Degraded Performance of Phrase TMS (EU) Term base and CAT web editor Components between 10:02 AM and 05:14 PM CEST
Incident Report for Phrase
Postmortem

Introduction

We would like to share more details about the events that occurred with Phrase between 10:02 on April 19, 2024, and 05:14 PM CEST on April 19, 2024, which led to degraded performance of the CAT Web Editor and Termbase services and what Phrase engineers are doing to prevent these issues from reoccurring.

Timeline

  • 10:02 AM: Engineers start investigating the performance check failures of the Termbase component.
  • 11:16 AM: Engineers identify an increased load on the datastore of the Termbase component and decide to scale it up by a factor of two.
  • 12:41 PM: Scaling of the datastore of the terminology component is in progress.
  • 1:41 PM: The datastore is unable to serve requests as a result of an upgrade in progress. The key part of it is low on memory.
  • 1:54 PM: Engineers get together on a call and decide to stop the datastore and perform a full restart with upscaled components.
  • 2:50 PM: The datastore is fully restarted and is starting to service requests from customers. . The tasks that had not been processed during downtime were now processed in bulk.
  • 3:50 PM: The datastore is again fully operational.
  • 4:05 PM: An inconsistency is noticed on part of the nodes forming the datastore , so it is decided that they should be restarted with updated settings.
  • 4:34 PM: The restarted node has issues, causing a smaller version of the previously witnessed issue It is decided to keep the state as is, allowing the datastore to settle down.
  • 5:14 PM: The datastore is fully operational again at this point.

Root Cause

The datastore of the Termbase component was hit by an increased load from a newly introduced check that is intended to alert engineers about suboptimal runtime characteristics. At the same time, the key components of the datastore did not have enough memory to start properly given the size of the environment.

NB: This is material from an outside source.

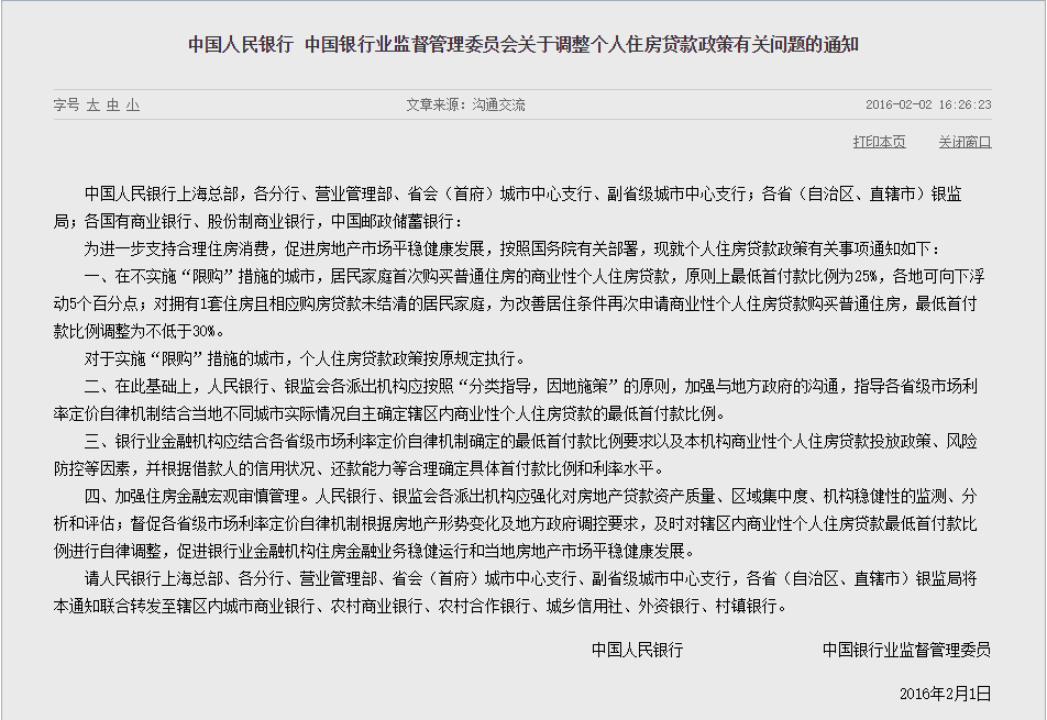 人民网北京2月2日电 今日下午,央行及银监会下发《关于调整个人住房贷款政策有关问题的通知》,在不实施“限购”措施的城市,居民家庭首次购买普通住房的商业性个人住房贷款,原则上最低首付款比例为25%,各地可向下浮动5个百分点;对拥有1套住房且相应购房贷款未结清的居民家庭,为改善居住条件再次申请商业性个人住房贷款购买普通住房,最低首付款比例调整为不低于30%。对于实施“限购”措施的城市,个人住房贷款政策按原规定执行。 根据此前央行、住建部和银监会三部门联合下发通知,在不实施“限购”措施的城市,居民家庭首次购买普通住房的商业性个人住房贷款最低首付比例为25%,对拥有一套住房且相应购房贷款未结清的居民家庭购二套房,最低首付款比例调整为不低于40%。 对此,易居研究院智库中心研究总监严跃进分析称,此次政策的出台,实际上贯彻了2015年以来去库存的政策导向。而且从市场预期看,能够较好撼动去库存市场的绝招,只能是商业银行贷款政策的继续放松。因为从很多政策看,包括住房公积金等政策,实际上都已经处于一个底部。而从降息等政策看,也基本上在一个相对宽松的政策。而商业银行贷款的政策放松空间却依然很大。此次政策对于首套住房和改善型住房的群体来说,都有积极作用。 严跃进补充分析,此次政策给予了各地信贷政策调整的自主权,允许各地按照去库存的导向和信贷资源的实际情况,积极调整首付比例。当然,两成首付的比例,使得商业贷款购房者能够享受和公积金购房贷款相同的首付待遇,确实很有激励性。 “当然对于一线城市的购房者来说,实际上可能喜忧参半。对于一些限购群体的人来说,可能不能享受此类利好政策而干着急。”严跃进说,而对于一些有购房能力的群体来说,面对高房价和房价过快上涨的态势,可能会积极入手。这在春节前可能还会形成一波成交高峰。 央行及银监会也在通知中进一步指出,在此基础上,人民银行、银监会各派出机构应按照“分类指导,因地施策”的原则,加强与地方政府的沟通,指导各省级市场利率定价自律机制结合当地不同城市实际情况自主确定辖区内商业性个人住房贷款的最低首付款比例。 通知还要求银行业金融机构应结合各省级市场利率定价自律机制确定的最低首付款比例要求以及本机构商业性个人住房贷款投放政策、风险防控等因素,并根据借款人的信用状况、还款能力等合理确定具体首付款比例和利率水平。 通知最后指出,人民银行、银监会各派出机构督促各省级市场利率定价自律机制根据房地产形势变化及地方政府调控要求,及时对辖区内商业性个人住房贷款最低首付款比例进行自律调整,促进银行业金融机构住房金融业务稳健运行和当地房地产市场平稳健康发展。 2015年中央经济工作会议上,明确接下来经济工作是着力加强结构性改革,在适度扩大总需求的同时,去产能、去库存、去杠杆、降成本、补短板,提高供给体系质量和效率,提高投资有效性。 在房地产领域,中央经济工作会议明确的思路是“要按照加快提高户籍人口城镇化率和深化住房制度改革的要求,通过加快农民工市民化,扩大有效需求,消化库存,稳定房地产市场。” 以下为《中国人民银行 中国银行业监督管理委员会关于调整个人住房贷款政策有关问题的通知》全文: 中国人民银行上海总部,各分行、营业管理部、省会(首府)城市中心支行、副省级城市中心支行;各省(自治区、直辖市)银监局;各国有商业银行、股份制商业银行,中国邮政储蓄银行: 为进一步支持合理住房消费,促进房地产市场平稳健康发展,按照国务院有关部署,现就个人住房贷款政策有关事项通知如下: 一、在不实施“限购”措施的城市,居民家庭首次购买普通住房的商业性个人住房贷款,原则上最低首付款比例为25%,各地可向下浮动5个百分点;对拥有1套住房且相应购房贷款未结清的居民家庭,为改善居住条件再次申请商业性个人住房贷款购买普通住房,最低首付款比例调整为不低于30%。 对于实施“限购”措施的城市,个人住房贷款政策按原规定执行。 二、在此基础上,人民银行、银监会各派出机构应按照“分类指导,因地施策”的原则,加强与地方政府的沟通,指导各省级市场利率定价自律机制结合当地不同城市实际情况自主确定辖区内商业性个人住房贷款的最低首付款比例。 三、银行业金融机构应结合各省级市场利率定价自律机制确定的最低首付款比例要求以及本机构商业性个人住房贷款投放政策、风险防控等因素,并根据借款人的信用状况、还款能力等合理确定具体首付款比例和利率水平。 四、加强住房金融宏观审慎管理。人民银行、银监会各派出机构应强化对房地产贷款资产质量、区域集中度、机构稳健性的监测、分析和评估;督促各省级市场利率定价自律机制根据房地产形势变化及地方政府调控要求,及时对辖区内商业性个人住房贷款最低首付款比例进行自律调整,促进银行业金融机构住房金融业务稳健运行和当地房地产市场平稳健康发展。 请人民银行上海总部、各分行、营业管理部、省会(首府)城市中心支行、副省级城市中心支行,各省(自治区、直辖市)银监局将本通知联合转发至辖区内城市商业银行、农村商业银行、农村合作银行、城乡信用社、外资银行、村镇银行。 中国人民

 Actions to Prevent Recurrence

The abovementioned check was rewritten to be much more lightweight, while at the same time the nodes running the datastore were provided with twice as much memory than before.

Conclusion

Firstly, we want to apologize. We know how critical our services are to your business. Phrase as a whole will do everything to learn from this incident and use it to drive improvements across our services. As with any significant operational issue, Phrase engineers will be working tirelessly over the next coming days and weeks to improve their understanding of the incident and determine what changes to make that improve our services and processes.

Posted Apr 29, 2024 - 07:35 CEST

Resolved
This incident has been resolved.
Posted Apr 19, 2024 - 17:29 CEST
Monitoring
Our engineers were able to find the root cause and apply a fix. We're monitoring the results and things are getting back to normal.
Posted Apr 19, 2024 - 17:19 CEST
Update
Our engineers were able to find the root cause and apply a fix. We're monitoring the results and things are getting back to normal.
Posted Apr 19, 2024 - 17:18 CEST
Investigating
We are currently investigating an issue with degraded performance of Term base component.
Posted Apr 19, 2024 - 16:43 CEST
Monitoring
A fix has been implemented, we're monitoring the results and things are getting back to normal.
Posted Apr 19, 2024 - 15:32 CEST
Update
The engineering team implemented a partial fix and the situation should be better. We are still working towards implementing a full fix.
Posted Apr 19, 2024 - 14:30 CEST
Update
We are continuing to work on a fix for this issue.
Posted Apr 19, 2024 - 14:06 CEST
Identified
The root cause of the issue has been identified and we are currently working on a fix.
Posted Apr 19, 2024 - 13:32 CEST
Investigating
Some of our users reported intermittent issues with QA checks. Our engineering team trying to identify the root cause.
Posted Apr 19, 2024 - 13:24 CEST
This incident affected: Phrase TMS (EU) (CAT web editor, Term base).